No two days are alike for Katie VanRyn. She might spend a morning helping one family apply for a handicapped hang tag for their van. She might then assist another family fill in aid applications to secure financial assistance to defray the cost of care. Or she may spend an afternoon looking at funeral homes, pricing the difference between cremation and burial.
That’s all in a day’s work for VanRyn, a social worker with Emmanuel Hospice, who helps patients and families navigate crucial end-of-life issues.
“My role in working with patients is to focus on their psychosocial needs,” VanRyn explains. “It may be in the form of counseling patients and families, making referrals or connecting them to resources. If they need to move – either to a facility where they can receive greater care or back into their home – I help facilitate that.
“I can also help families have those difficult but necessary end-of-life discussions. I can talk with them about funeral arrangements, advance directives or how they want to spend their final days, giving them a chance to make their wishes known.”
Vern Bareman knows that Katie and her social work colleagues at Emmanuel Hospice play an integral role in the care process.
“Every family is different,” says Bareman, director of psychosocial services. “The social worker really helps guide the family dynamics as we go through the very difficult transitional period with people at the end-of-life.
“Our team is well-versed in end-of-life care, from understanding insurance regulations to providing counseling to navigating funeral arrangements. There is a broad range of things that patients don’t think about on a day-to-day basis.
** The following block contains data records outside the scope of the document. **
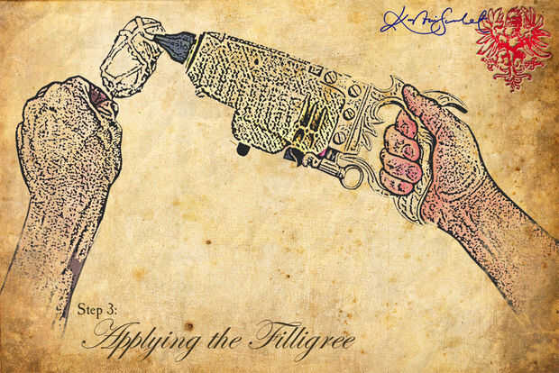 La noche antes de la aplicación de la filigrana, cuando todo estaba lista y no tenía todavía ninguna noción en cuanto a cómo este paso iba a ser logrado, cuando por casualidad llegó a mí en un flash de inspiración.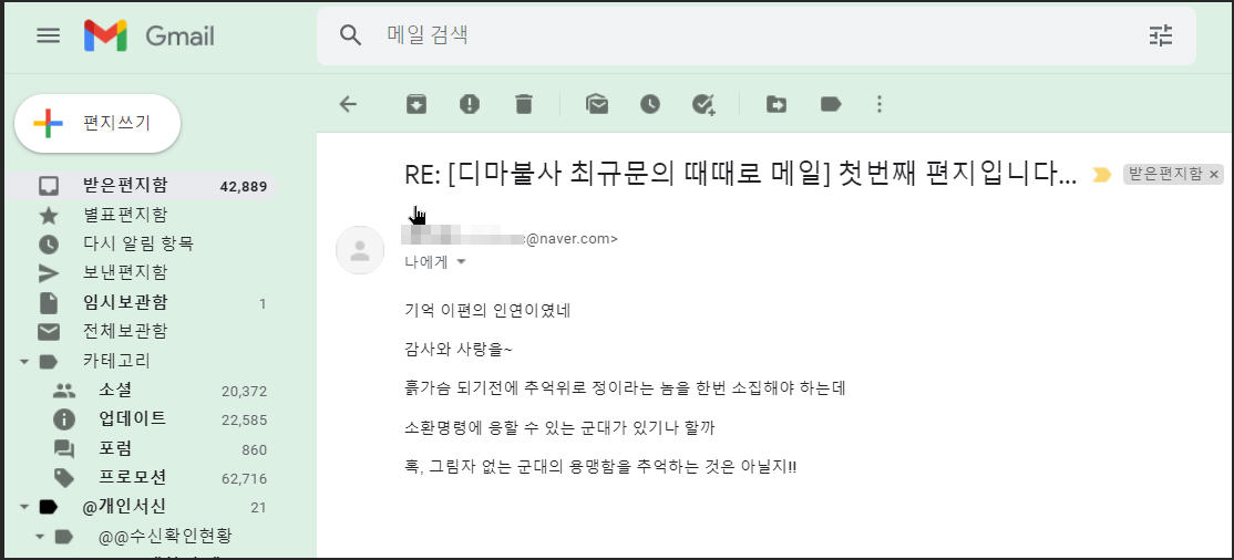 방송 시연을 위해 미리 테스트 삼아서 새벽에 메일을 하나 보내보았다.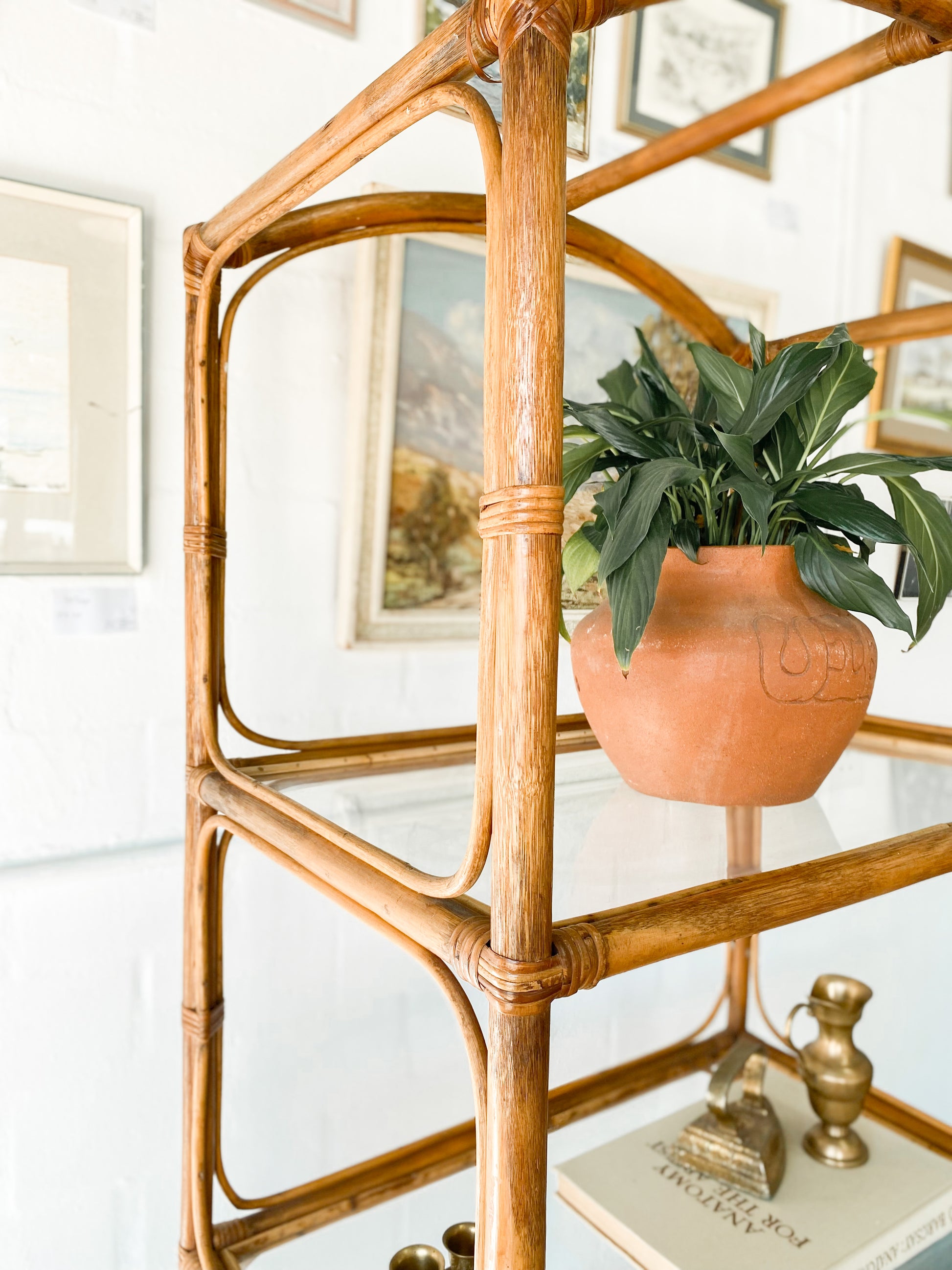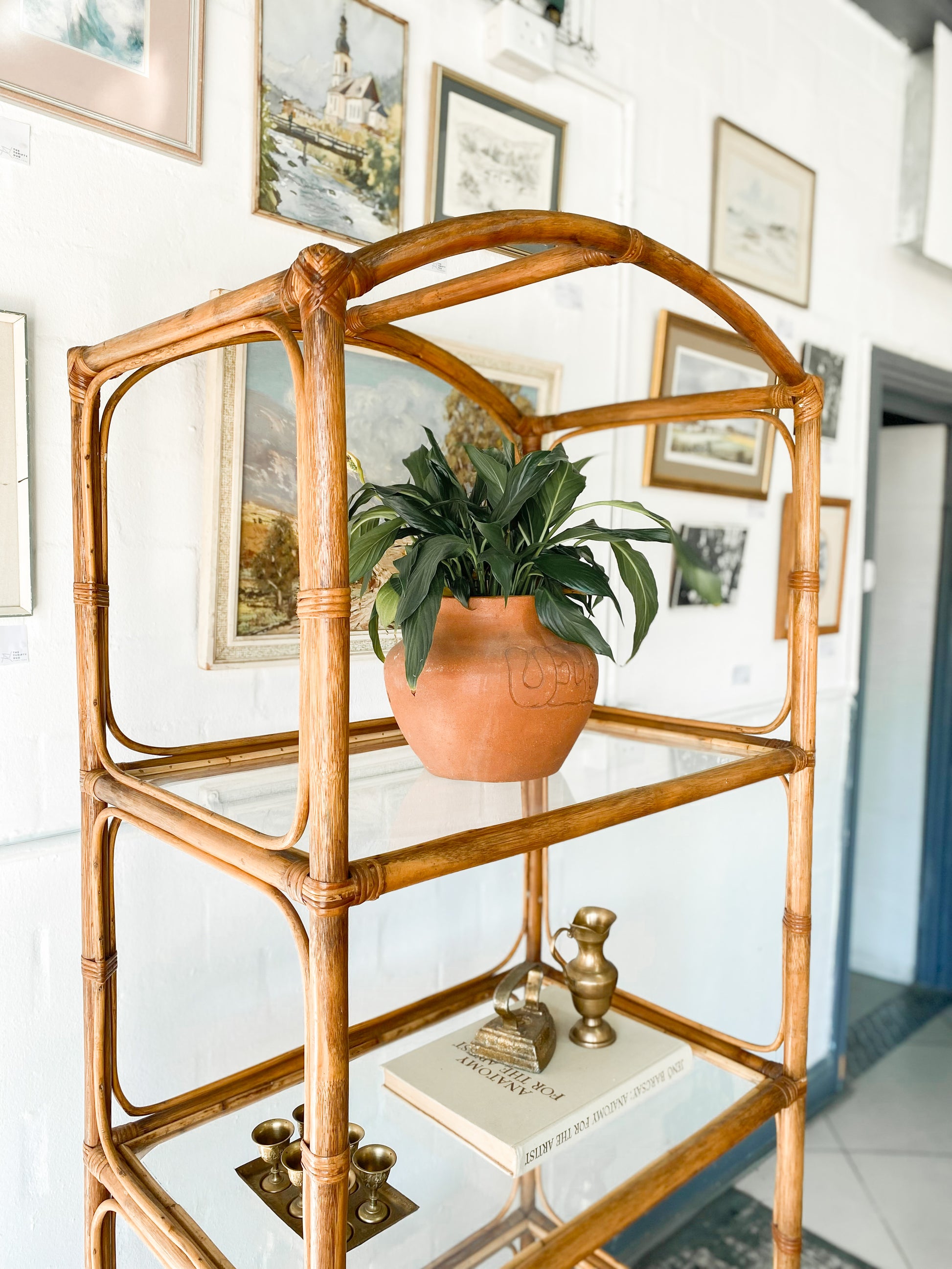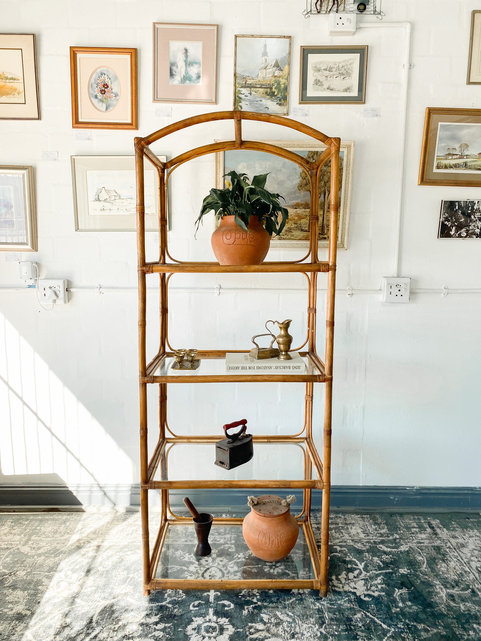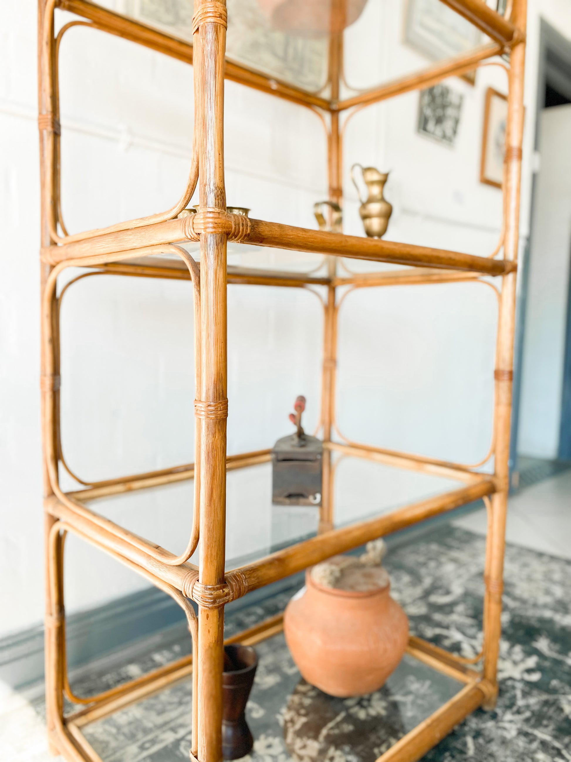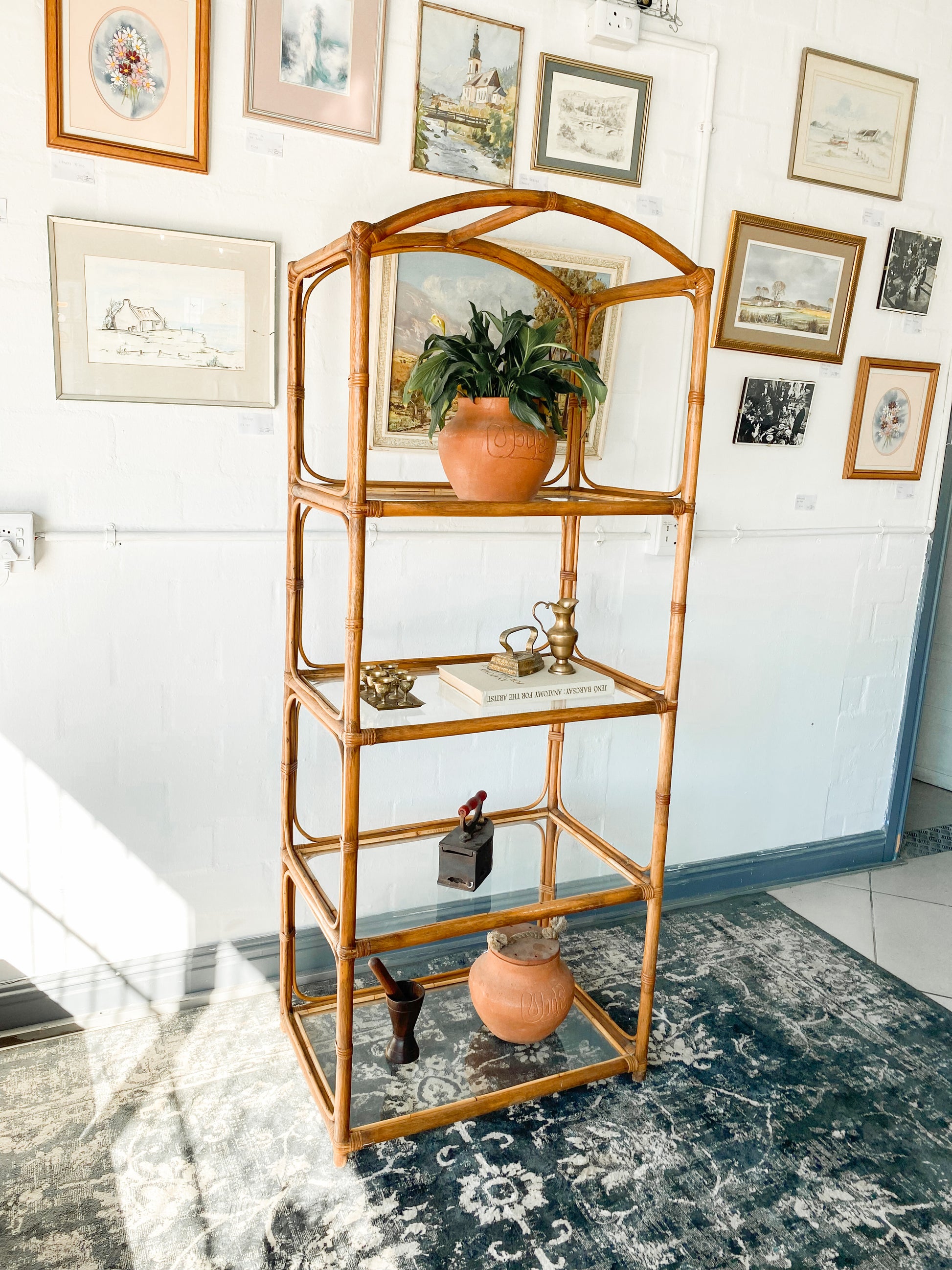 Light and airy cane display shelf and. This piece boasts alluring curves that are bound to add a touch of elegance to any space. It comes with four shelves providing ample storage space. The cane has been cleaned and oiled. This unit is ideal for compact spaces that require a light and airy storage solution, and can seamlessly fit into any room, be it a bedroom, living room or even a bathroom.

Our social workers can step in with a huge wealth of knowledge to share.”
VanRyn and her colleagues bring that knowledge to the interdisciplinary patient care teams at Emmanuel Hospice, which also include medical professionals and spiritual caregivers. Bareman likens this trio to a three-legged stool; without the social workers, the stool would topple over.
Yet patients and families don’t always see the need for a social worker. While the role of the nurse or doctor or chaplain is pretty clear, VanRyn says she often gets a lot of questions about why she’s at the bedside.
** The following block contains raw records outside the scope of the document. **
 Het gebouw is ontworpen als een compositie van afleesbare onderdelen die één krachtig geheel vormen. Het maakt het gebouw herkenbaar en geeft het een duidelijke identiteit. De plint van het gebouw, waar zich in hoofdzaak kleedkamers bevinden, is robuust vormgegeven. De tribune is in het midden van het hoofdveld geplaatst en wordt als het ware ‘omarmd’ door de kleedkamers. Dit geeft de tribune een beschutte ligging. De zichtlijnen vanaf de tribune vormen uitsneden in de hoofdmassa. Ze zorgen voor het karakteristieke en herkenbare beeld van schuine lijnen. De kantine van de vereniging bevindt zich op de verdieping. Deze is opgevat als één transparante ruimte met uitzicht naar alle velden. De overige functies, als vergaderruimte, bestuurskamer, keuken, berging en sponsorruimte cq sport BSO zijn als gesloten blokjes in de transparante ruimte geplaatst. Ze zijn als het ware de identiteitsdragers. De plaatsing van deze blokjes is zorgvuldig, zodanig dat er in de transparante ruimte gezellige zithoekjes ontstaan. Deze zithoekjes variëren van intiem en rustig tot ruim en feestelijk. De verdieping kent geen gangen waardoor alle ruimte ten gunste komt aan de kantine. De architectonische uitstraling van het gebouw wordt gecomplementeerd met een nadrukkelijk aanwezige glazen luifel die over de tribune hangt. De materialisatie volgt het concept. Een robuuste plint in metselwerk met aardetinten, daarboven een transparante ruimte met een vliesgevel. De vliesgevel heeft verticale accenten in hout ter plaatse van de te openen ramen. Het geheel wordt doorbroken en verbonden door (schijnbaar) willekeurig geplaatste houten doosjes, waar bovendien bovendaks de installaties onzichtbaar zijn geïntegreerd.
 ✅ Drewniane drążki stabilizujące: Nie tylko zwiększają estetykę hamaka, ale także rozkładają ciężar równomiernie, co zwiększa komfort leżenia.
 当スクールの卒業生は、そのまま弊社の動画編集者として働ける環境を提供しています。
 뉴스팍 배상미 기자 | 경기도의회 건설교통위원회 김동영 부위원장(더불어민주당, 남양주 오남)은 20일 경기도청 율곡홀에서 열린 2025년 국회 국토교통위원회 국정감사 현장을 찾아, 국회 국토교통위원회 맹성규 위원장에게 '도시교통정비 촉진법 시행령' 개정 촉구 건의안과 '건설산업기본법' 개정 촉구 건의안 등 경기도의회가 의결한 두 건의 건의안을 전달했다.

“Families are not required to have a social worker as part of their hospice team, and some do decline our services,” VanRyn said. “We still offer our support to the nurse who is part of the team, and often we will get a call in a few days or weeks asking us to step in after all.
“Of course, I prefer to be part of the process from the very first meeting. This allows the family to have a discussion upfront about what the needs are. Depending on those needs, I might back out for a bit and, when things are getting closer to the end, I can step back in.”
As part of her initial assessment, VanRyn asks the patients about their interests and hobbies. She notes that as patients get closer to death, they have less energy. Identifying what gives them joy allows VanRyn to help patients conserve their energy so they can focus on those pursuits with the time they have left.
VanRyn and her colleagues have helped patients take a final trip to a Lake Michigan beach, a casino, a family cabin, and a family wedding. Sometimes the wishes are simpler: Facilitating a Skype call with a long-distance friend or arranging a lunch visit with family.
Bareman notes that having a social worker on the team can break down barriers within the family.
“Sometimes patients want to put up a brave front for their families,” Bareman says. “When they are alone with the social worker, though, they open up and say, ‘I am ready to go, but I need to stay strong for my spouse.’ The social worker has a way of allowing them open up, and then facilitating conversations with the rest of the family.”
In fact, setting the table so that those conversations can take place is one of VanRyn’s favorite parts of her job.
“One of the most rewarding things I get to do is to help educate families and facilitate conversations,” she says. “As a social worker, I can encourage a conversation between patients and families. If they are unsettled about dying and not comfortable talking about it, I can ask questions that may prompt a discussion after I leave.
“If people can talk ahead of time about their advanced directives and funeral planning, it is so much easier. These are hard conversations to have, and some people just don’t want to have them. It’s admitting they are dying. But if they can get that piece out of the way, then can then focus on living.”